BEGIN

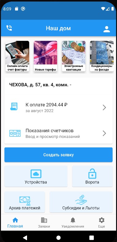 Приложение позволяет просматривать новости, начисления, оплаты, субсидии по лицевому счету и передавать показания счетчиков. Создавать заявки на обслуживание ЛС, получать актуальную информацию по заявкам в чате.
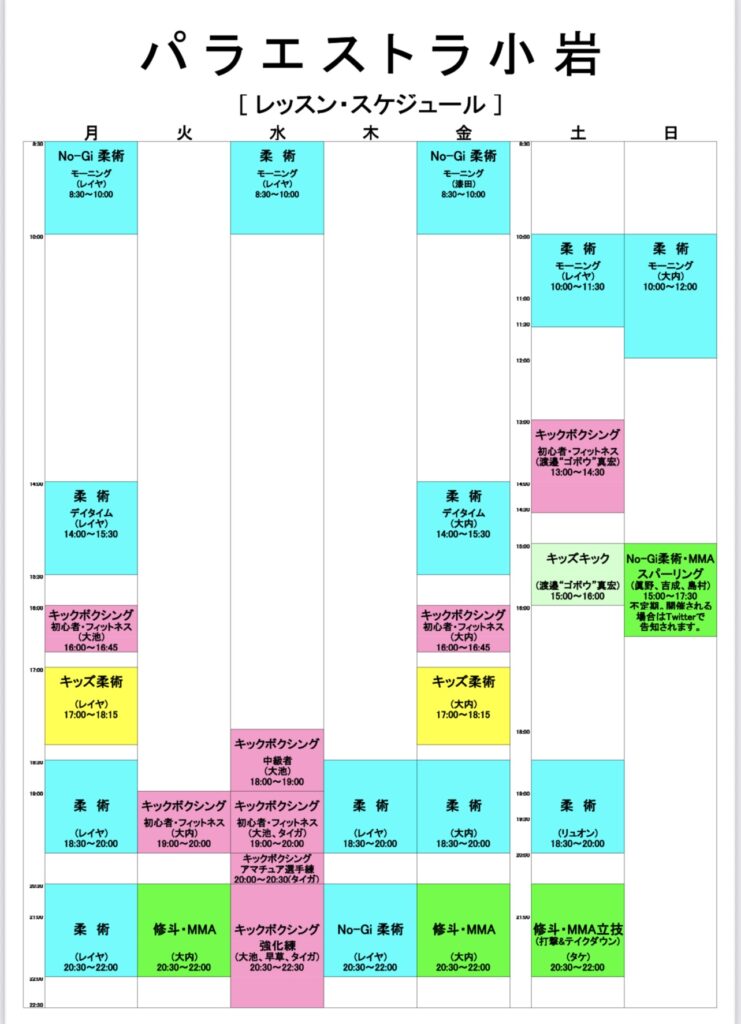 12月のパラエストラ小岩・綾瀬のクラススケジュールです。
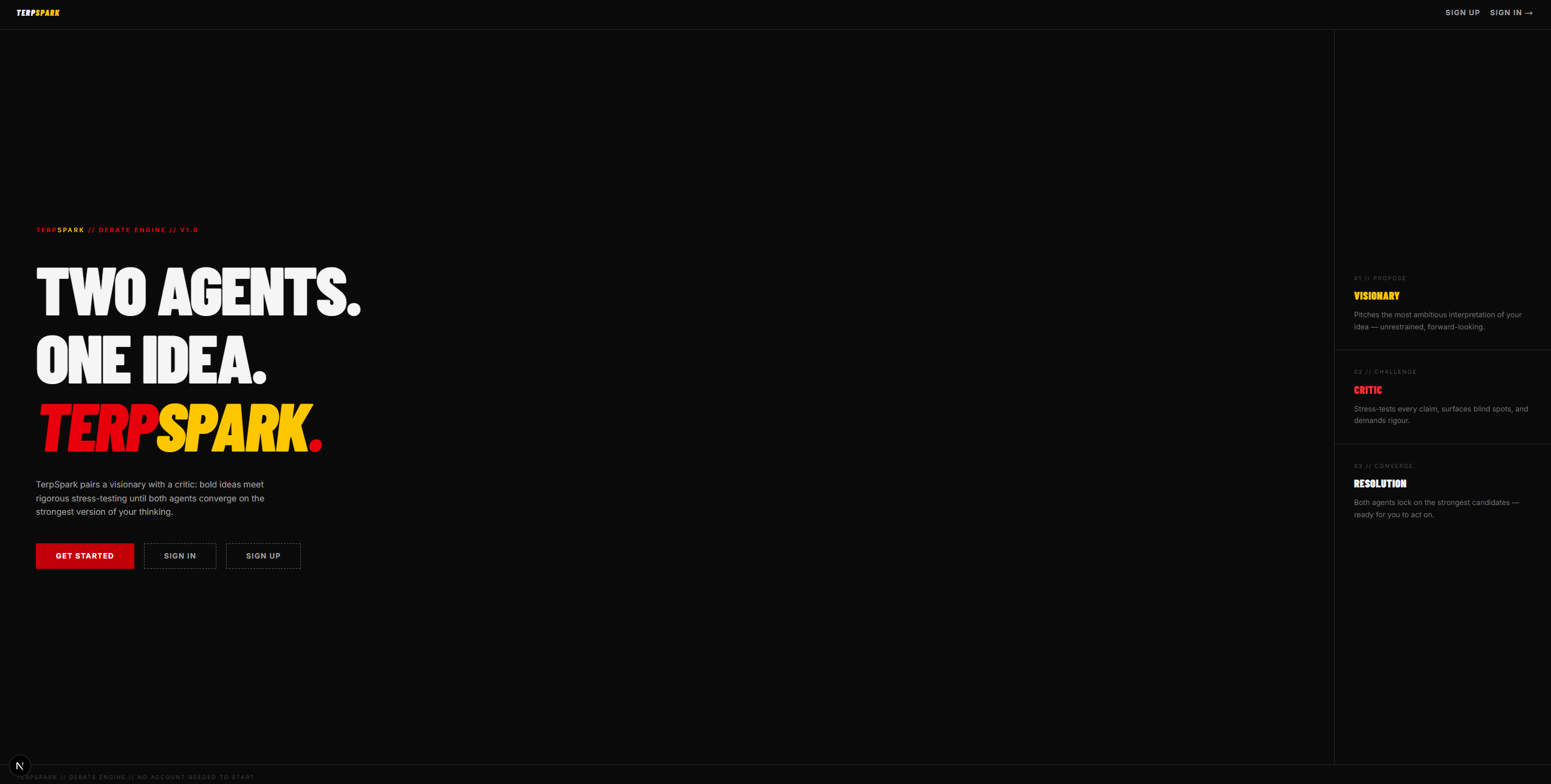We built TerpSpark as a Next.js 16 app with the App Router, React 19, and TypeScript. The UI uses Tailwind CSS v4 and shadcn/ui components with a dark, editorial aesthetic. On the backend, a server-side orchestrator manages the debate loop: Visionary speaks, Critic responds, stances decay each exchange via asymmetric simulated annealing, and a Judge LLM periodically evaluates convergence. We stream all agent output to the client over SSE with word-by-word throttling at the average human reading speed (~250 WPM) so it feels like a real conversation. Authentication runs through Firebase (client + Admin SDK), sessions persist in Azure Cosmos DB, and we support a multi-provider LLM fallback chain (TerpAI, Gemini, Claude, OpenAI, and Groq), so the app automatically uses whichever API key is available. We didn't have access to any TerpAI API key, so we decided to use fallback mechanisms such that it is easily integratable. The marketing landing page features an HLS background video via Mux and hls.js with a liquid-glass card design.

END

> _TASK TO COMPLETE_: Quote all the lines above exactly as given. Do not include the pictures.

> _EXERCISE OUTPUT_:
 Приложение позволяет просматривать новости, начисления, оплаты, субсидии по лицевому счету и передавать показания счетчиков. Создавать заявки на обслуживание ЛС, получать актуальную информацию по заявкам в чате.
 12月のパラエストラ小岩・綾瀬のクラススケジュールです。
We built TerpSpark as a Next.js 16 app with the App Router, React 19, and TypeScript. The UI uses Tailwind CSS v4 and shadcn/ui components with a dark, editorial aesthetic. On the backend, a server-side orchestrator manages the debate loop: Visionary speaks, Critic responds, stances decay each exchange via asymmetric simulated annealing, and a Judge LLM periodically evaluates convergence. We stream all agent output to the client over SSE with word-by-word throttling at the average human reading speed (~250 WPM) so it feels like a real conversation. Authentication runs through Firebase (client + Admin SDK), sessions persist in Azure Cosmos DB, and we support a multi-provider LLM fallback chain (TerpAI, Gemini, Claude, OpenAI, and Groq), so the app automatically uses whichever API key is available. We didn't have access to any TerpAI API key, so we decided to use fallback mechanisms such that it is easily integratable. The marketing landing page features an HLS background video via Mux and hls.js with a liquid-glass card design.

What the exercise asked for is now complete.